Let’s pretend you’re buying a car. You research the best cars on the market for the return on investment and performance you need to go where you need to go. After careful research, you buy the perfect car. There’s only one hitch: The gas tank is empty.
In this metaphor, the car represents the human assets who do all the work to make an organization profitable. You can fill in the blank as to what the gas tank represents: training, development, vision, motivation … or even, more simply, energy.
The U.S. has the highest per capita health care cost of any country in the Organisation for Economic Co-operation and Development (OECD): over $10,000 per employee. In response, almost half of U.S. companies offer workplace wellness programs.
I’ve found that wellness is the No. 1 priority with most women in my coaching programs. They are high-performing women who want to perform even better, and my research corresponds directly with other research in the industry. Human capital research points to wellness as the No. 1 mitigating factor for optimal performance.

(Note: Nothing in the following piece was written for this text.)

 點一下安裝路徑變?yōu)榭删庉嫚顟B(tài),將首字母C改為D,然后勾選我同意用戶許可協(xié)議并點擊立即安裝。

Imagine, now, that you are interviewing a new candidate for a high-profile job. You’ve just outlined the benefits and a generous salary package that includes stock options. The candidate shakes your hand and says, “Thank you for your offer. In return, I’m willing to give you at least 60% of my effort … on most days.”
Employee engagement surveys over the past five years have reported that most employees are, on average, 66% engaged. The reason even highly engaged people are not fully engaged is because they bring their intellect and their skills but don’t always tap their best mental performance.
Employee wellness is a bottom-line issue. One study found that the cost of presenteeism (coming to work but performing at a low level) due to poor employee health is at least two to three times higher than direct health care costs. Johnson & Johnson’s wellness program saved the company $250 million in health care costs from 2002 to 2008, with a return of $2.71 for every dollar spent.
Wellness programs lower health care costs and improve productivity, so the question is not whether wellness matters; it’s how to implement a meaningful plan with a 360-degree approach that takes into account body, mind and spirit. A good place to start for companies that want to support their mission and increase the wholehearted engagement of their human assets is to integrate these five basic building blocks of wholistic health:
How can a company encourage healthy sleep habits? It’s human nature to follow the culture, and company cultures that discourage electronic communication outside of business hours can improve employee retention and productivity. The old-school firms that work new recruits for 70 hours per week with all-night strategy sessions are going the way of the dinosaur. Encourage staff to develop the habit of working hard at the office and having a life on evenings and weekends.
There is too much research on the importance of nutrition to performance to justify having candy and soda machines in the workplace. Cutting-edge companies stock their pantries with brain foods (like walnuts and avocados) and fortified water. Once you understand the impact that food has on cognitive function, it’s easy to say, “No way!” to that donut in the morning staff meeting. The last time someone offered me an apple fritter in the morning, I replied, “Only if it comes with a nap in about an hour!” (Better yet, don’t bring donuts to the office. Bring a yogurt bar or a nice selection of fruit and vegan protein bars.)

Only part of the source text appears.